EXERCISE INSTRUCTIONS:
Among the lines of data below, reproduce only those from the one with "40 pcs Vintage" through the one with "Avete mai provato", exactly as they stand, both ends included.

*** THE INPUT ***

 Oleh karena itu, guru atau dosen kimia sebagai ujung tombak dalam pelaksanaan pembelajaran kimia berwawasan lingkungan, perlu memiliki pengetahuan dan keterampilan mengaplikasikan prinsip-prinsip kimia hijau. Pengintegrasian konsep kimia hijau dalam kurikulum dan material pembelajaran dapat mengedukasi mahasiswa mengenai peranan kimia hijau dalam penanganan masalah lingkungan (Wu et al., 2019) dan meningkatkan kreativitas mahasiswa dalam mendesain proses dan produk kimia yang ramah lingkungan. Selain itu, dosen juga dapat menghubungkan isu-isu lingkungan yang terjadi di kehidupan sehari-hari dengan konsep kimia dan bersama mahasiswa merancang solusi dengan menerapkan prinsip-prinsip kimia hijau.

*** End of THE INPUT ***
*** THE INPUT ***

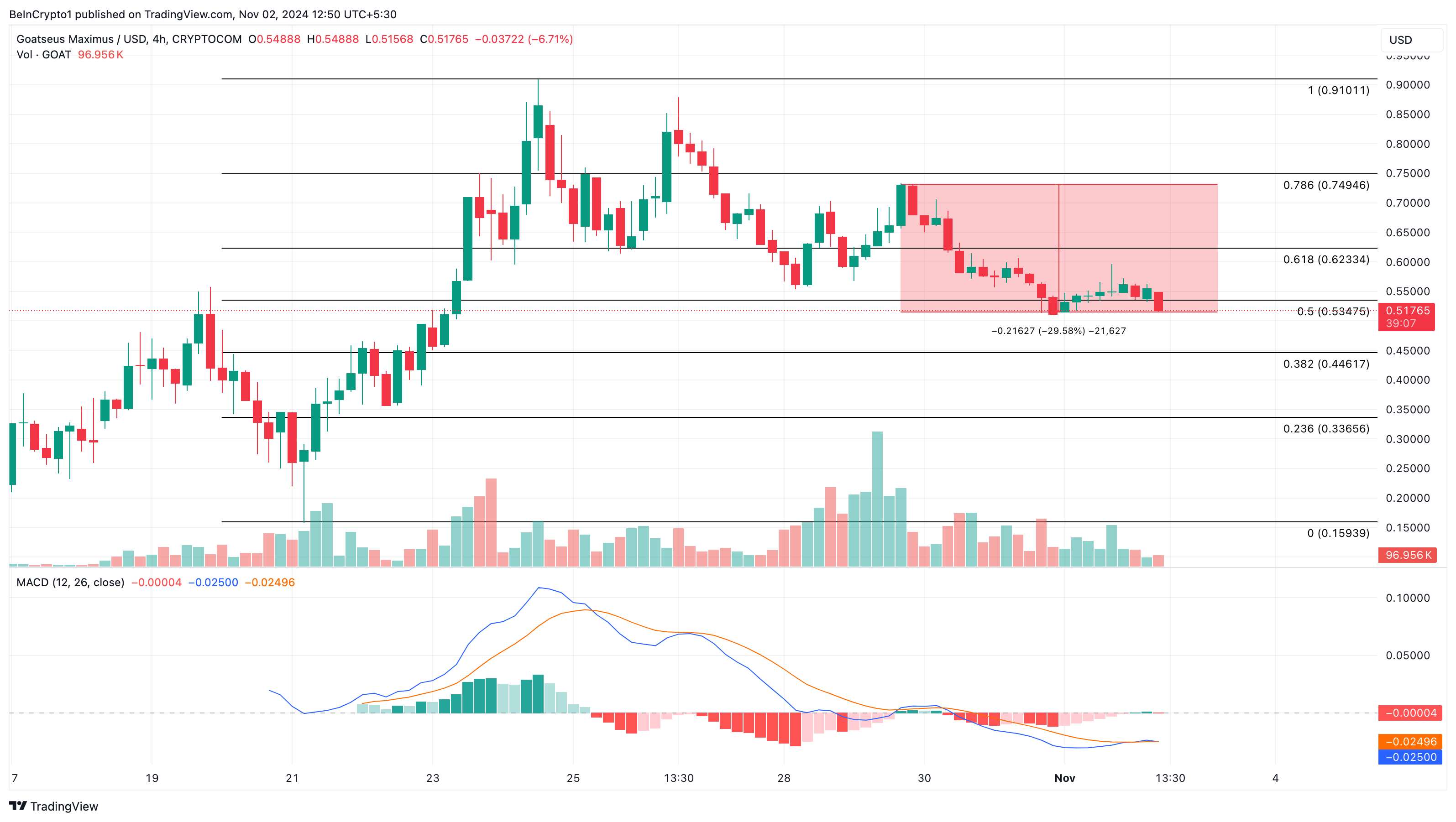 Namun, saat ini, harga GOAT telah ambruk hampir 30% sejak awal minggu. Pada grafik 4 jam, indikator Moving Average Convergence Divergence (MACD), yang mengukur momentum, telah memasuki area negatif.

*** End of THE INPUT ***
*** THE INPUT ***

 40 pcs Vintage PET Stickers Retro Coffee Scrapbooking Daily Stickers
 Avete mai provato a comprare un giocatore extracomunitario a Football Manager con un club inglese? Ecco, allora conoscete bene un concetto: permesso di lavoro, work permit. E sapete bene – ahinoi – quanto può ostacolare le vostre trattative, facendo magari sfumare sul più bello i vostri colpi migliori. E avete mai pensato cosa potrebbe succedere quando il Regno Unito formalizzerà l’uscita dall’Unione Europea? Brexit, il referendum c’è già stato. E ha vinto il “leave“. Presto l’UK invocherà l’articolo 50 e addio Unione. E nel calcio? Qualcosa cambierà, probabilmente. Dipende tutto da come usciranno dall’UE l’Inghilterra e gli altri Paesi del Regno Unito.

*** End of THE INPUT ***

SOLUTION TO THIS PROBLEM:
 40 pcs Vintage PET Stickers Retro Coffee Scrapbooking Daily Stickers
 Avete mai provato a comprare un giocatore extracomunitario a Football Manager con un club inglese? Ecco, allora conoscete bene un concetto: permesso di lavoro, work permit. E sapete bene – ahinoi – quanto può ostacolare le vostre trattative, facendo magari sfumare sul più bello i vostri colpi migliori. E avete mai pensato cosa potrebbe succedere quando il Regno Unito formalizzerà l’uscita dall’Unione Europea? Brexit, il referendum c’è già stato. E ha vinto il “leave“. Presto l’UK invocherà l’articolo 50 e addio Unione. E nel calcio? Qualcosa cambierà, probabilmente. Dipende tutto da come usciranno dall’UE l’Inghilterra e gli altri Paesi del Regno Unito.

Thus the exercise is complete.